» Your task
In the listing below, the lines starting with the line with "Mexen Lima sulankstomas" and going on through the line with "Set of six Georgian" are to be reproduced exactly, and only those.

» Input data
——
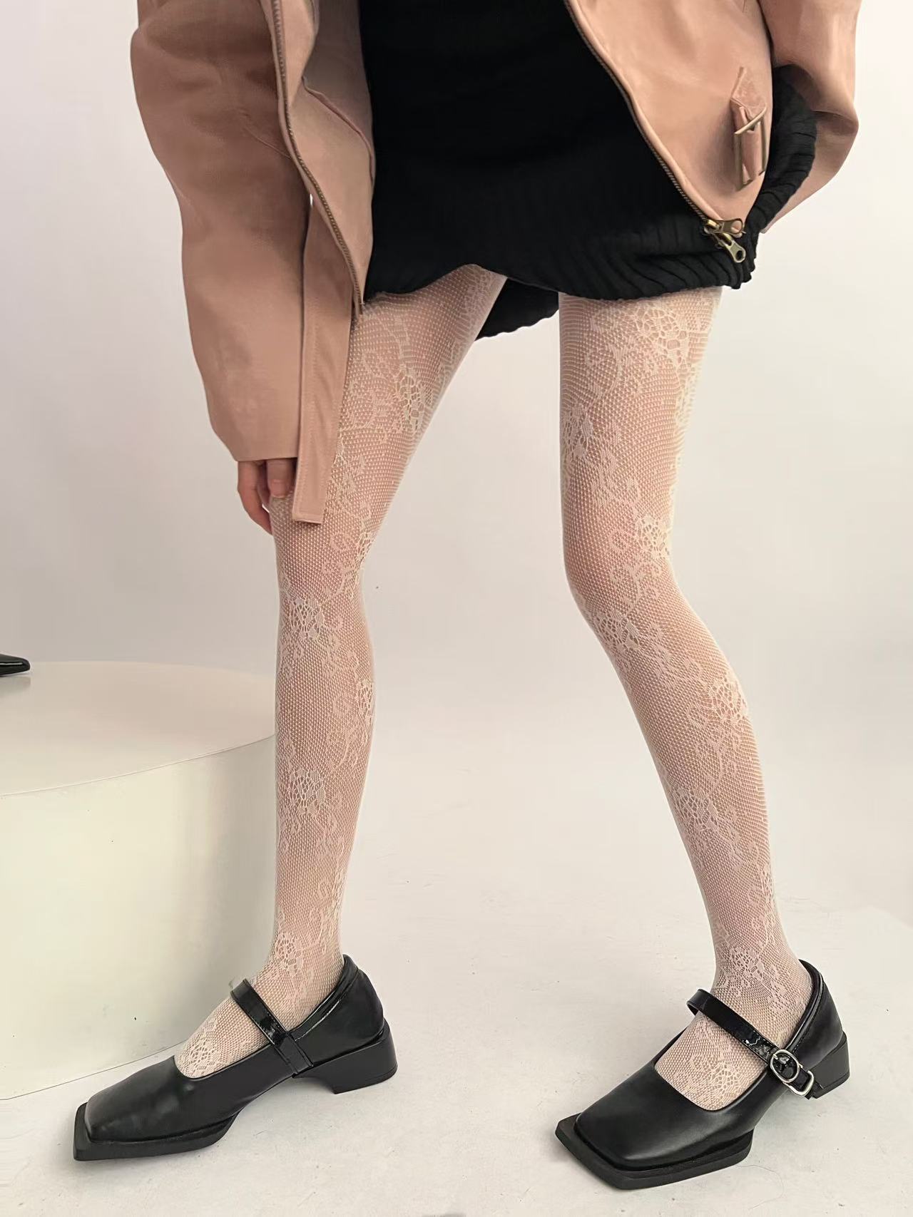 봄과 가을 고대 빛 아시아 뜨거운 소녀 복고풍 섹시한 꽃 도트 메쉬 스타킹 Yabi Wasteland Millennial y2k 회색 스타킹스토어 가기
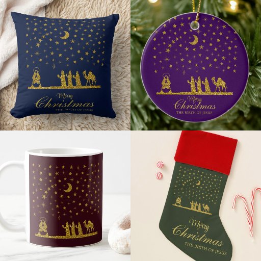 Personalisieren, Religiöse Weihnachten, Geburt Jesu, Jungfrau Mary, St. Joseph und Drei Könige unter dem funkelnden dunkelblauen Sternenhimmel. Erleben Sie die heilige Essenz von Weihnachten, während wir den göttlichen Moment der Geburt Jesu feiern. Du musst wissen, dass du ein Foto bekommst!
——
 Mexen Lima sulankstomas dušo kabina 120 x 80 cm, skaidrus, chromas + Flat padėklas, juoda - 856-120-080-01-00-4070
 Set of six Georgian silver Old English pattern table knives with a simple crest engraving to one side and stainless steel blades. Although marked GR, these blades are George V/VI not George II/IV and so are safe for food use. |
——
» Written response
 Mexen Lima sulankstomas dušo kabina 120 x 80 cm, skaidrus, chromas + Flat padėklas, juoda - 856-120-080-01-00-4070
 Set of six Georgian silver Old English pattern table knives with a simple crest engraving to one side and stainless steel blades. Although marked GR, these blades are George V/VI not George II/IV and so are safe for food use. |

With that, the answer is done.